EagleTribune.com, North Andover, MA

New Hampshire

July 5, 2014

Emergency response teams prepare for the worst

Emergency Response Teams prepare for storm season

With tropical storms making their presence known, emergency response teams in the area are ready to help.

Community Emergency Response Teams are part of a federal program to educate people about disaster preparedness. CERT teams train residents in response skills like fire safety, search and rescue, and first aid.

“CERT was first developed by a fire chief in the (Los Angeles) area and the reason was citizens could go up to 72 hours without help in a major disaster,” Pelham CERT director Richard Hanegan said. “After 9/11 happened, they started looking at ideas in the country about how to better prepare citizens.”

CERT members are taught CPR, how to extinguish fires, response to hazardous materials incidents, and search-and-rescue techniques, according to Hanegan.

“We’re always here and we train as prescribed by Londonderry Fire and the Londonderry Police Department to assist them if they need,” said Rich Semanski, president of A Londonderry Emergency Response Team.

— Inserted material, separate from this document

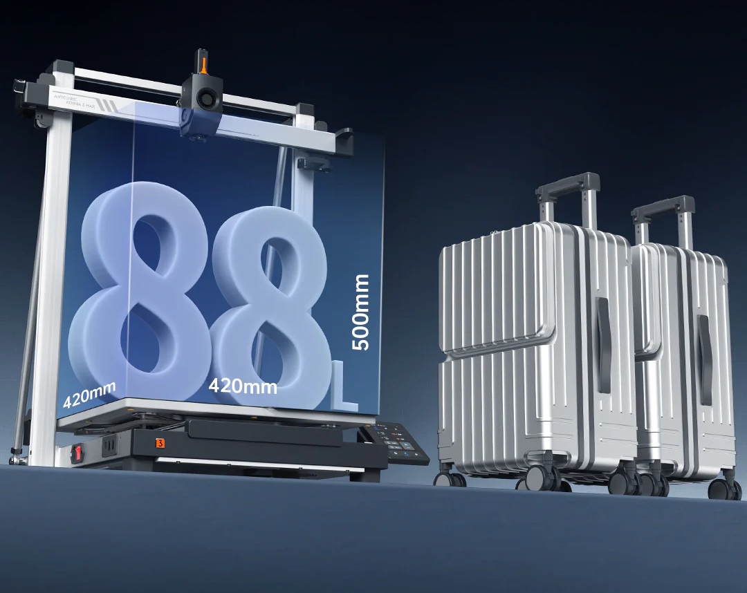 Obszar druku o wymiarach 420 x 420 x 500 mm (pojemność 88 litrów) pozwala na tworzenie masywnych obiektów w całości. Wyeliminowanie konieczności cięcia modeli na mniejsze fragmenty i późniejszego ich sklejania oszczędza czas oraz ułatwia zachowanie spójności konstrukcyjnej. Funkcja ta doskonale sprawdza się podczas przygotowywania makiet architektonicznych, dużych elementów cosplayu czy funkcjonalnych prototypów przemysłowych.

ALERT, which will celebrate its 10th anniversary next month, assists Londonderry police and fire departments in events that require traffic control. The group also reaches out to elementary schools to teach wilderness safety.

“It’s an important function in town,” Semaski said. “We promote safety and safety awareness, especially during summer and winter storms.”

While the teams are locally based, they have been called out to different states to help.

Pelham CERT has responded to calls in Florida, Louisiana and Mississippi in the past, in addition to more local calls, according to Hanegan.

“Around here, we don’t have them like in Oklahoma and California with the tornadoes and fires, fortunately,” Salem CERT coordinator Elliot Fair said.

Salem CERT does complete wellness checks on seniors and invalids during power outages, as well as presentations on responses to electrical storms and downed wires.

“I think that people have been educated their whole lives on how to be prepared,” Hanegan said. “It’s a pretty good program on how to protect your family or be a part of the team that can be deployed.”